Albert Bloxham

Personal information
- Date of birth: 26 November 1905
- Place of birth: Solihull, England
- Date of death: 29 August 1996 (aged 90)
- Place of death: Crawley, England
- Height: 5 ft 10 in (1.78 m)
- Position(s): Outside right

Senior career*
- Years: Team / Apps / (Gls)
- 1925–192?: Overton-on-Dee
- 192x–1926: Oswestry Town
- 1926–1927: Torquay United
- 1927–1928: Birmingham / 3 / (1)
- 1928: Rhyl Athletic
- 1928: Chesterfield / 7 / (1)
- 1928–1929: Raith Rovers
- 1929–1931: Yeovil & Petters United
- 1931–1933: Millwall / 70 / (11)

= Albert Bloxham =

English footballer

Albert Bloxham (26 November 1905 – 29 August 1996) was an English professional footballer who scored 13 goals in 80 appearances in the Football League playing for Birmingham, Chesterfield and Millwall. He played as an outside right.
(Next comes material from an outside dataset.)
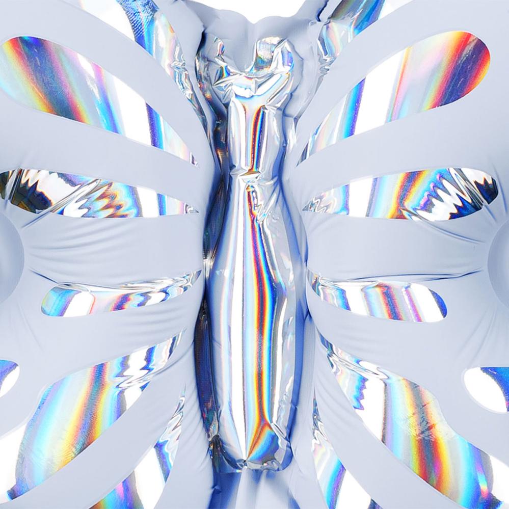 Fjäril Folieballong 3-pack består av tre fjärilsformade folieballonger i blå, mintgrön och rosa med iriserande färg. Ballongerna kan fyllas med luft med det medföljande sugröret.

Bloxham was born in Solihull, which was then part of Warwickshire. He began his football career with Overton-on-Dee while working as an office clerk, then played for Oswestry Town and for Torquay United in the 1926–27 season when they won the Southern League title. Bloxham himself moved on to First Division club Birmingham in March 1927. He made his Football League debut on 8 October 1927, deputising for Benny Bond in a home game against Sheffield Wednesday which Birmingham won 3–2. He scored in the next game, but Bond then returned to the starting eleven.

Unable to gain a regular first-team place, he moved on to Rhyl Athletic, then back INto the Football League for a few months with Chesterfield, and then to Scotland where he spent the 1928–29 season with Raith Rovers as they were relegated from the First Division of the Scottish League. Bloxham then returned to England for two seasons with Yeovil & Petters United in the Southern and Western Leagues before joining Millwall of the Football League Second Division. With Millwall he played regularly for two seasons, scoring 11 goals in 70 league matches, before retiring from the game in 1933.

Bloxham died in Crawley, West Sussex, in 1996 at the age of 90.